Satcom Direct Aircraft Easy Antennas set to debut

Satcom Direct is preparing to release its first two Plane Simple satellite communication antennas this year, which will provide lower cost, high speed connectivity options for a larger number of airframes. The SD Plane Simple Ku antenna, scheduled for launch in June, will provide connectivity through Intelsat’s broadband Ku-band satellite service. In the meantime, the SD Plane Simple Certus LEO antenna, which will be available in the fourth quarter, will access Iridium’s new LEO L-band constellation (Next Low Earth Orbit) and its high-speed Certus service. Chris Moore, President of Satcom Direct, called the couple “exciting milestone products”.

Iridium, a long-time authorized service reseller of its Satcom services, appointed Satcom Direct, based in Florida, an authorized hardware OEM two years ago. Satcom Direct introduced the Plane Simple range of modular, agnostic antennas with open architecture in February 2020. This and the upcoming tarpaulin Simple antennas consist of two interchangeable line units, including the SDR Gateway 2.0 router, which integrates the modem, and the antenna. As the name of the portfolio suggests, the products are designed to be easy on board and reduce the associated costs. “We were conscious of minimizing the invasiveness of installations,” said Moore.

Additional approvals for model certificates for a variety of aircraft are in development for both systems and will be available upon product release.

The Certus LEO antenna will be among the first connectivity options to provide access to Iridium’s Next LEO constellation and provide high-speed connectivity on-board airframes from single and larger turboprop aircraft. The small form factor antenna mounted on the fuselage will also be the first Certus high gain antenna, offering a more focused beam and better connectivity than low gain antennas. The antenna meets the performance requirements of Iridium for class H2 systems and supports the highest current and future Certus data rates.

The new digital and high-frequency module with an Iridium core, the Certus 9810 transceiver, delivers a maximum speed of 704 kbit / s, about ten times the speed of classic Iridium, and supports HD video streaming and other bandwidth-intensive applications. With Satcom Direct’s acceleration tools, it will be “more than a megabit per second,” said Moore.

LEO constellations offer several advantages over geostationary satellite connectivity. The satellites orbit the earth around 45 times closer and have a correspondingly lower latency or delay time in bidirectional traffic. Their proximity allows for smaller and lighter antenna prints that reduce power consumption and drag. and they are less prone to terrestrial weather disturbance. Coverage is also better in polar regions with higher latitude.

Satcom Direct is headquartered in Melbourne, Florida.

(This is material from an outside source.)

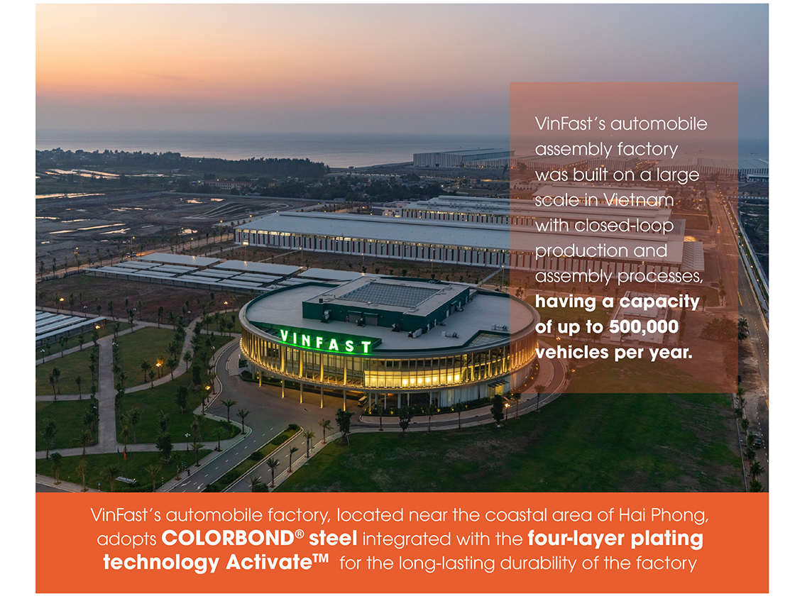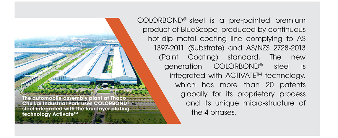 According to VAMA, automobile manufacturing and assembly factories must be fully equipped to ensure industrial hygiene, labor safety, hazard reduction (noise, heat, dust), fire and explosion prevention, as well as protection of the landscape, environment, and industrial civilization. According to BlueScope, a provider of innovative steel materials, products, systems, and technologies, Vietnam’s automobile industry possesses huge potential and attractiveness. There has been a relocation wave and investment attraction as well as a race to scale up automobile production in the coming years. It is the reason why the Australia-based steel company focuses on providing modern steel technologies for buildings and factories, especially in the automobile manufacturing industry.

Satcom Direct also sees a market for the Certus service as a backup of the cabin system or for dedicated cockpit connectivity on board larger platforms that are equipped with Ka-band systems, or for aircraft that operate at higher latitudes where a geostationary Coverage is unreliable or unavailable. Hardware and service plan pricing for the Certus service has yet to be announced, but Satcom Direct, both as an authorized hardware OEM and a value-added service reseller, will be able to offer attractive turnkey packages, Moore said.

The Plane Simple Ku antenna, designed for medium and larger business jets, also provides access to the Intelsat FlexExec Ku-band broadband network. In cooperation with the German aviation antenna specialist QEST (Quantum Electronic Systems), Satcom Direct developed the electronically controlled 12-inch rear antenna with phased array.

Ku operates in a lower frequency range and doesn’t offer as much bandwidth as Ka-band systems, which are currently the “gold standard for onboard connectivity,” said Moore. However, Satcom Direct sees “a niche in the market for customers with a GIV or a global who may have had difficulty justifying the higher installation and service costs of Ka-Band.”

Combined with the SD Pro platform and connectivity management tools, aircraft with Ka-band connectivity could use an additional Ku service to manage data loads, e.g. B. to automatically shift the data communication requirements of several passengers with low latency to the Ku constellation as required. For those interested in secure communications and data integrity, Satcom Direct’s Comsat division, which handles its military and government services, is the exclusive Satcom service provider for the Air Force Space Command’s Enhanced Mobile Satellite Services program.

The Ku service could also serve as a portal for a number of Internet of Things-based services, which Satcom Direct can customize for larger customers, according to Moore.

While MROs will obviously have a say in installation costs, Satcom Direct is targeting “under $ 400,000 installation,” including hardware for Plane Simple Ku antenna systems, Moore said. Satcom Direct is the exclusive provider of the new antenna and should begin flight testing the Ku installation on its Gulfstream jet at the end of February.

Satcom Direct is also working with QEST on its upcoming Plane Simple Ka TMA for medium to large cabin jets (scheduled to enter service in the fourth quarter of 2022) and the fuselage-mounted Plane Simple Flat Panel phased array antenna for light and larger jets (for Service entry around 2023).